# Man vs Woman



## Guest (Mar 8, 2002)

One evening last week, my wife and I were getting into bed. Well, the passion starts to heat up, and she then says, "I don't feel like it, I just want you to hold me." 

I said, "WHAT?!" 

So she says the words that I and every other husband on the planet dreads. She explains that I must not be in tune with her emotional needs as a Woman. I'm thinking, "What was her first clue?" but, I finally realized that nothing is going to happen that night, so I went to sleep. 

The very next day we went shopping at a big department store . . . I walked around while she tried on three very expensive outfits. She couldn't decide which one to take, so I told her to take all three of them. She then tells me that she wants matching shoes worth $200 each to which I say, "OK." 

And then we go to the Jewelry Dept. where she gets a set of diamond earrings. Let me tell you ...she was so excited! She must have thought that I was one wave short of a shipwreck, but I don't think she cared. I think she was testing me when she asked for a tennis bracelet because she doesn't even play tennis. I think I threw her for a loop when I told her that it was OK. 

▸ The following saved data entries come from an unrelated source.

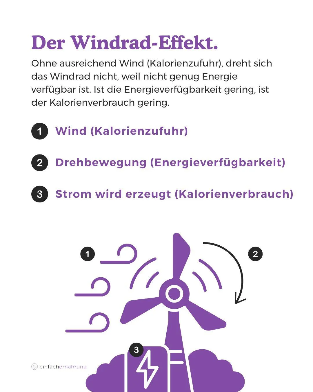 Er merkt, dass zu wenig Energie (Kalorien) verfügbar ist – also beginnt er, sie zu sparen, wo er nur kann.
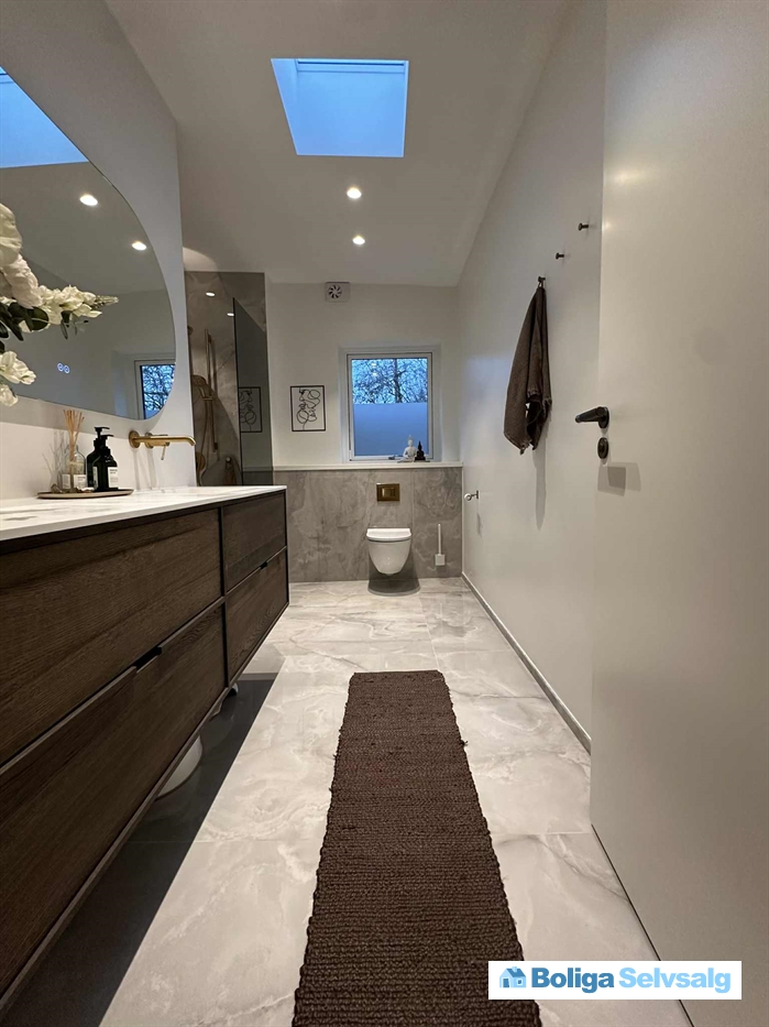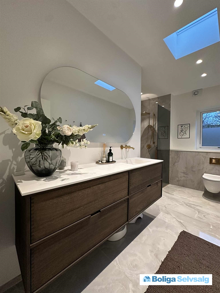 Stort eksklusivt badeværelse m. 120x120 fliser, Grohe indbygningsarmaturer i børstet messing og specialfremstillet snedkerbadmøbel
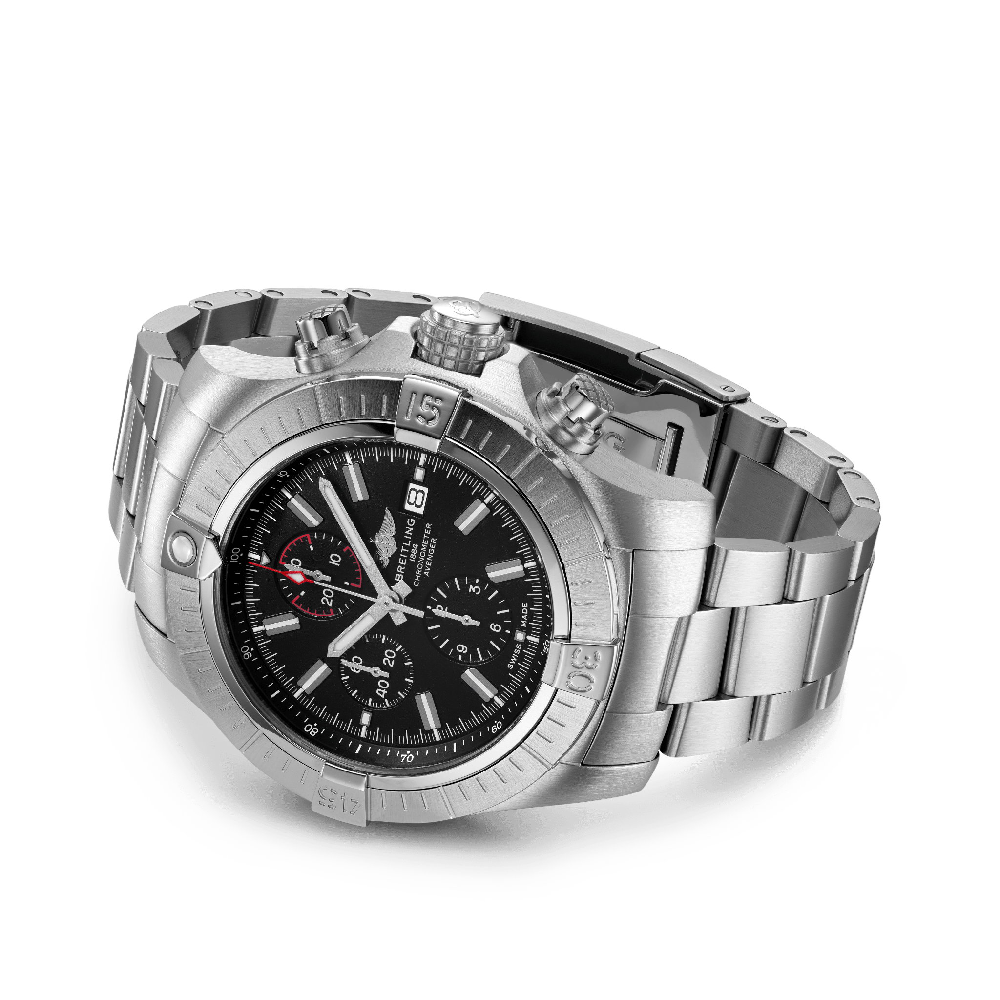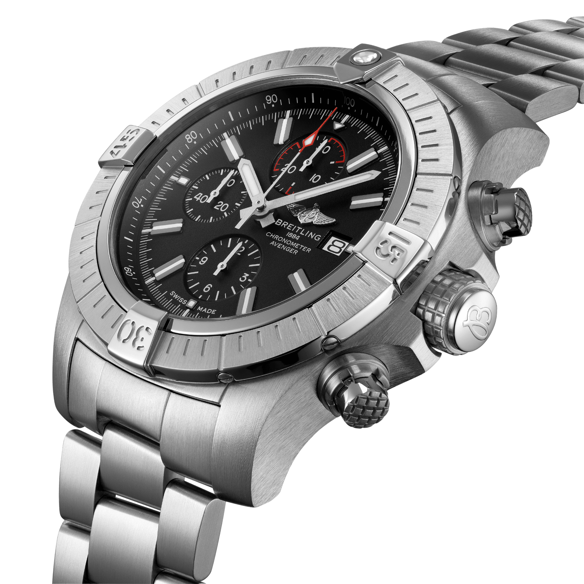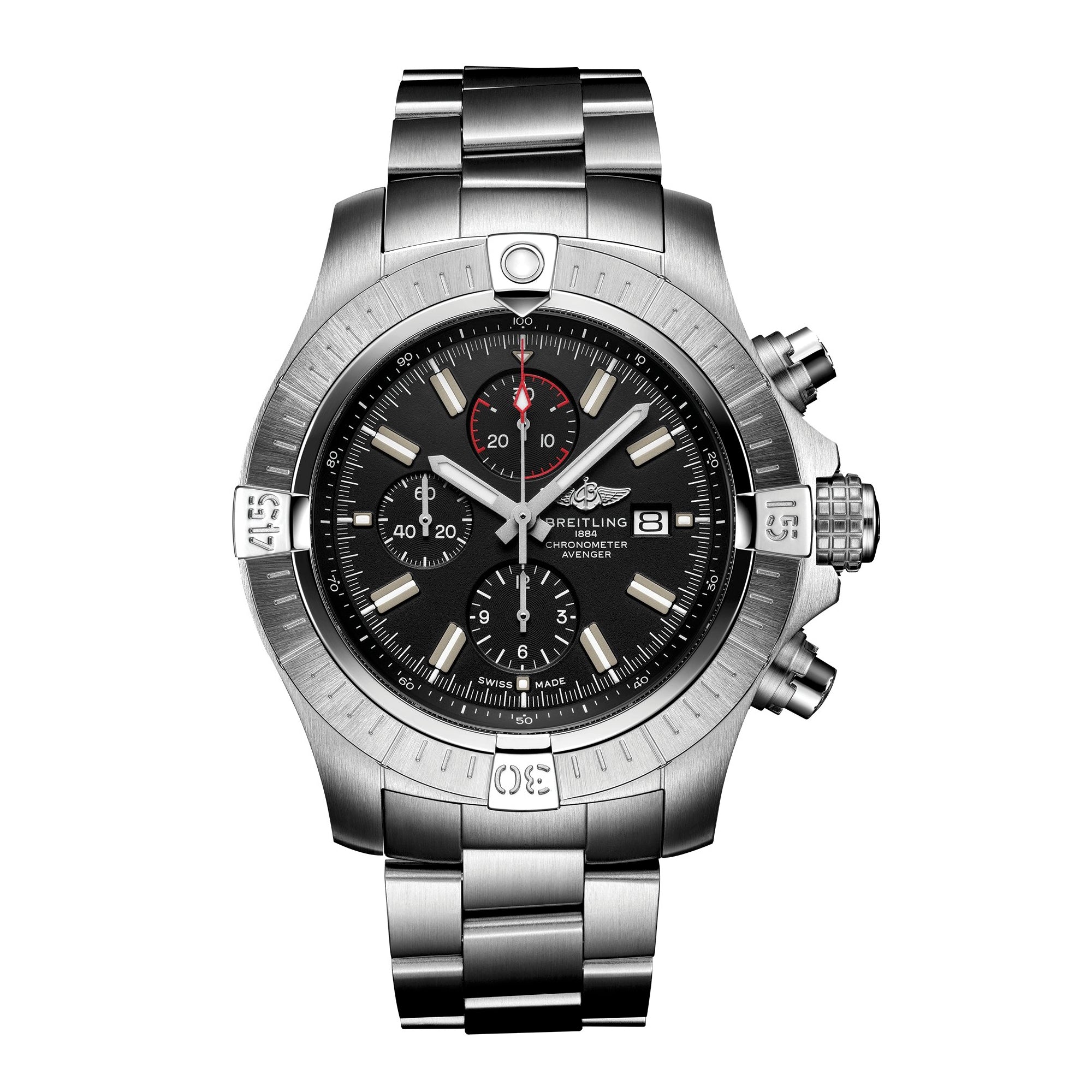Bold, extremely robust and shock resistant, the Super Avenger Chronograph 48 makes a big “here I am†statement. As a true Breitling Avenger, it can be used wearing gloves and offers unrivaled safety and reliability to any airborne adventurer. The Super Avenger Chronograph 48 features a sturdy oversized 48mm stainless-steel case, black dial and a choice of a stainless-steel bracelet, or black military leather strap that fits either a stainless-steel pin buckle or folding clasp. Thanks to its rugged bezel and its special grip-pattern on the crown & chronograph pushers, the Super Avenger Chronograph 48 can be easily operated wearing gloves.

She was almost sexually excited from all of this and you should have seen her face when she said, "I'm ready to go, let's go to the checkout." I could hardly contain myself when I blurted out, "No, honey. I don't feel like buying all this stuff now." 

You should have seen her face . . . it went completely blank. I then said, "Really honey! I just want you to HOLD this stuff for a while." Just when she had this look like she was going to kill me, I added, "You must not be in tune with my financial needs as a Man." 

I figure that I might be having sex again sometime during the Spring thaw of 2008.


----------